• **RECORDS FOR PROCESSING**:
>>
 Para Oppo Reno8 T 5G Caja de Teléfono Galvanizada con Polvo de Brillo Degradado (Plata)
<<
>>
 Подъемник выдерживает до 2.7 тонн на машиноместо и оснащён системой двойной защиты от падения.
<<
>>
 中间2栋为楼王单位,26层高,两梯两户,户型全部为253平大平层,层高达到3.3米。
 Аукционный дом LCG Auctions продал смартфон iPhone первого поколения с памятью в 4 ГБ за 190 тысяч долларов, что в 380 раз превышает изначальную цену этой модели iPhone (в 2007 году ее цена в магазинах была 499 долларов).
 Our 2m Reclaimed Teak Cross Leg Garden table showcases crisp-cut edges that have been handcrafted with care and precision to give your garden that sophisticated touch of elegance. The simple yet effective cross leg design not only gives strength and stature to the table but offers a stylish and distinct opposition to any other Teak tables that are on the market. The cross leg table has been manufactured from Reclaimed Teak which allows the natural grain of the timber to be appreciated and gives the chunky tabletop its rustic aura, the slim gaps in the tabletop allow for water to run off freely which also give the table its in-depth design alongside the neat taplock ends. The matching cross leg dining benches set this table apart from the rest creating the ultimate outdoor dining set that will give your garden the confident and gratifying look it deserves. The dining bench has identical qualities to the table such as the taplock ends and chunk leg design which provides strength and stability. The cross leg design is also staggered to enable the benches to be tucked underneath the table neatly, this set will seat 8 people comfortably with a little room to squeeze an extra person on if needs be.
<<
• **DIRECTIONS**: Begin with the line above that has "中间2栋为楼王单位,26层高" and continue through the line that has "Аукционный дом LCG", setting each one down exactly. Stop there.

• **TASK RESULT**:
 中间2栋为楼王单位,26层高,两梯两户,户型全部为253平大平层,层高达到3.3米。
 Аукционный дом LCG Auctions продал смартфон iPhone первого поколения с памятью в 4 ГБ за 190 тысяч долларов, что в 380 раз превышает изначальную цену этой модели iPhone (в 2007 году ее цена в магазинах была 499 долларов).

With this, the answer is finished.